Yo pensaba en las horas que habíamos pasado libradas a nosotras mismas, tan lejos de su mirada.
Un día que quedé con Lucile en un café, me comentó las terribles inquietudes que sentía por mis hijos. Desde hacía algún tiempo, Lucile veía pedófilos por todas partes, y consideraba a todo hombre de más de quince años, perteneciente a nuestro entorno cercano o lejano, un sospechoso. A fuerza de insistir, su angustia me oprimía, y tenía miedo de que oprimiese a mis hijos. La discusión se calentó rápidamente, Lucile estaba tensa y agresiva, yo me dejé llevar. He olvidado mis palabras exactas, ligadas al hecho de que sentía por nuestros hijos angustias que hubiera sido mejor que sintiese por nosotras. Lucile se levantó de golpe, volcando estruendosamente sobre mis rodillas la mesa en la que comíamos. En ese café de moda de la calle Oberkampf, ante una treintena de miradas asombradas, contemplé el pollo con patatas y el sándwich mixto con ensalada derramados sobre mis pantalones. Lucile había desaparecido. Más digna que nunca, puse la mesa en su sitio, recogí las patatas fritas una por una, dejé un billete y salí sin darme la vuelta.
Nunca volvimos a mencionar ese episodio. El tiempo nos había enseñado eso, a la una y a la otra: a podernos echar la bronca y pasar página.
A Lucile le gustaba la avenida Jean-Jaurès, las tiendas Fabio Luci y Sympa, en las que se mezclaba todo tipo de ropa y accesorios de una calidad y gusto discutibles. Se pasaba horas allí, recorriendo los estantes abarrotados, en busca del carmín, del par de medias, de la camiseta, del sujetador, del bolso, de los zapatos que le parecían inigualables. Lucile mariposeaba por las tiendas de saldos, los Paris Pas Cher y otros Troifoirien, donde tenía el arte de descubrir muchas pequeñas cosas más o menos útiles y decorativas.

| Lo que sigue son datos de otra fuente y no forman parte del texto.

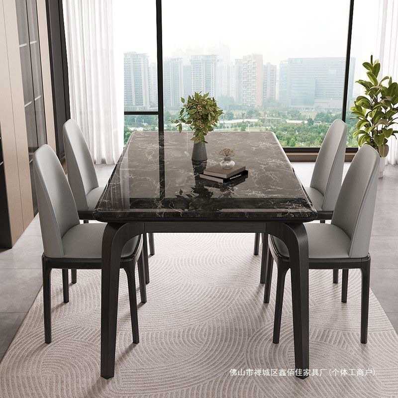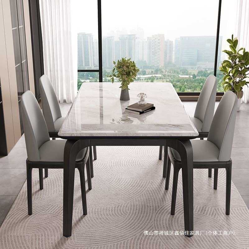 天然超晶石实木餐桌椅组合微晶石北欧现代简约家用高端大理石餐台
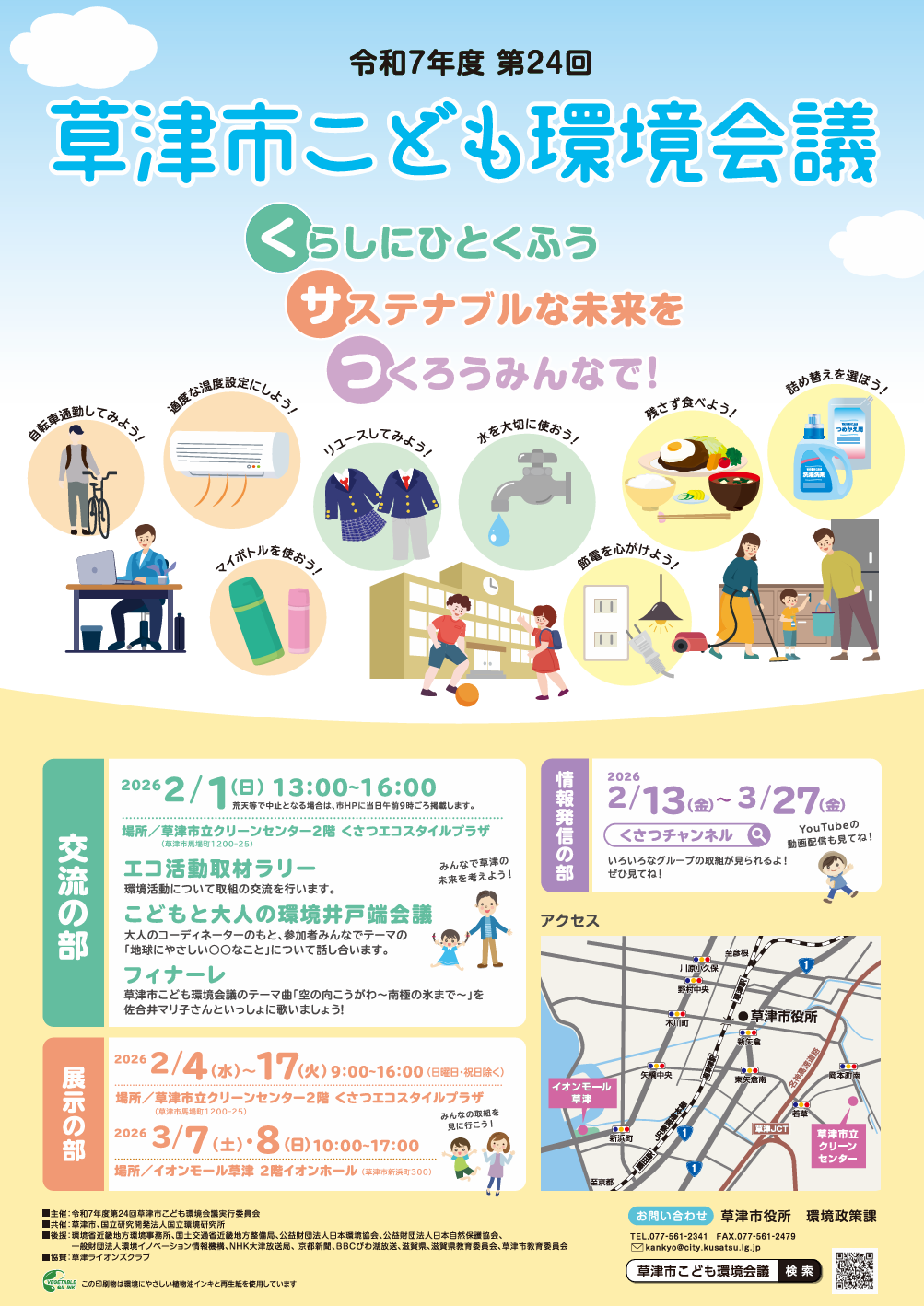 今年度は『くらしにひとくふう サステナブルな未来を つくろうみんなで!』をテーマに、「交流の部」「展示の部」「情報発信の部」の3つのプログラムで開催します。

Al cabo de los años, Lucile había desarrollado cierto gusto por lo cheap, la baratija y la fruslería.
A Lucile le gustaban las tiendas de antigüedades, los mercadillos y las ventas de segunda mano, conseguía para sus nietos regalos inverosímiles (cachivaches, cajas, pulseras, pasadores de pelo, navajas Opinel, portalápices, figuritas de belén…), tan estrafalarios como inútiles, en todas sus visitas.
Cuando rememoro esos pocos años que siguieron al regreso de Manon, me parece que para Lucile se corresponden con un intervalo de dulzura, uno de esos momentos de tranquilidad en el que las cosas parecen por fin estar en su lugar, un tiempo de calma que precede a la tormenta. Lo atestiguan algunas fotos tomadas por mi hermana en los últimos cumpleaños de Lucile, su sonrisa, esa expresión de orgullo que luce, las velas que apaga en medio de todos nosotros.